Stocks are losing their edge over bonds, in an ominous sign for the market

Dow Jones05-06 22:38

MW Stocks are losing their edge over bonds, in an ominous sign for the market

By Christine Idzelis

The equity risk premium has been shrinking, making some on Wall Street nervous

The S&P 500 was attempting a fresh record on Wednesday.

The extra return that investors receive for the additional risk of owning stocks over bonds has been fading, and that is making some on Wall Street nervous that investors might be too complacent about the stock market's recent rally.

The S&P 500 has continued to trade at or near record highs, even as bond yields have crept higher on inflation fears during the Iran war. Stocks and Treasury bonds were rallying on Wednesday, with bond yields - which move inversely to prices - moving lower as oil prices retreated.

Still, a closely followed market gauge is pointing to a notably low premium for stocks relative to bonds. The so-called equity risk premium, or the difference between the forward earnings yield for the S&P 500 and the yield on the 10-year Treasury note, is on the cusp of turning negative for what would be the first time since late 2024 or early 2025, according to Michael Darda, chief economist and market strategist at Roth Capital Partners.

Roth Capital, Workspace, Bloomberg

The fact that the ERP is currently at a below-average level suggests investors could see lower returns ahead for U.S. stocks, according to Gina Martin Adams, chief market strategist for HB Wealth. It is worth watching as a potential "trip wire" for stocks, because if the ERP crosses into negative territory, the market could see stress, she said in a phone interview.

Darda pointed out that the last time this happened, the S&P 500 skittered to the edge of bear-market territory shortly afterward. That steep drop for the index followed President Donald Trump's tariff shock last year, he noted.

But for now, Martin Adams said, the low ERP isn't necessarily troubling. "This one indicator would say, don't get too panicked, but definitely expect a little less," she said.

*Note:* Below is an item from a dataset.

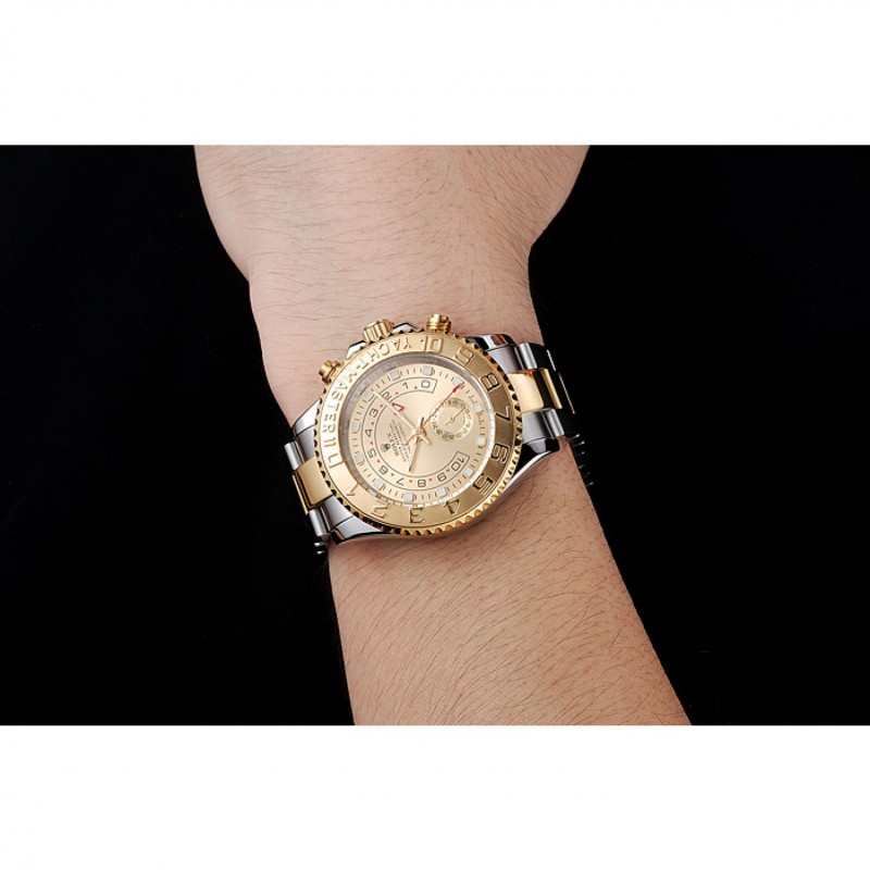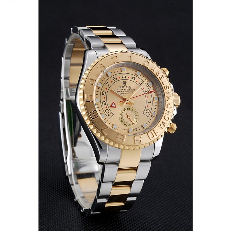 Bisel: Chapado en oro bisel unidireccional calado con 1 a 10 marcas y Yacht Master grabado sobre un fondo azul esmaltado

A negative reading on the ERP has shown up ahead of several notable market crashes. These include Black Monday in 1987, as well as during the global bond crisis in 1994 and shortly before the peak of the dot-com bubble, according to Martin Adams. That doesn't mean something similar will happen this time around, but she did note the ERP was approaching a low level that historically has left equity returns struggling to crack double digits.

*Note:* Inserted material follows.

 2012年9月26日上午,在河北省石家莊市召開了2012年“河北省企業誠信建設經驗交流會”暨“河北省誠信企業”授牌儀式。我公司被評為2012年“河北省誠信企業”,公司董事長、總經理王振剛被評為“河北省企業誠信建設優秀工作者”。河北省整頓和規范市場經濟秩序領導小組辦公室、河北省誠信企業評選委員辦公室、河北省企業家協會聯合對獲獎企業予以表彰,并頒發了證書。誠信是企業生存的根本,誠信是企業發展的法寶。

"We are in a zone in which your average annualized returns are a little bit lower than they have been in the recent past, because the equity risk premium is low," Martin Adams told MarketWatch. "That certainly makes investors nervous, but it may stay low as long as inflation is the predominant risk to the market outlook."

Brad Conger, chief investment officer at Hirtle & Co., said in an interview that he was concerned about the low premium investors are getting to take risk in equities relative to bonds.

He recalled seeing the ERP go to zero amid the "tremendous excitement over a technological revolution" during the dot-com era, before that bubble burst.

"I just think the market is pinning a lot of its expectations on a very narrow set of companies continuing to outperform based on what I would say is a very narrow thesis" relating to the buildout of artificial intelligence, he said. "The payoff from the services that are associated with AI, they don't seem to justify the magnitude of the investments" in the technology.

Blame bonds for low ERP

While investors may see a low ERP as a risk to stocks, its compression is the result of climbing bond yields, according to Martin Adams. Stocks have been getting more expensive on a relative basis "because bonds have been getting cheaper," she said.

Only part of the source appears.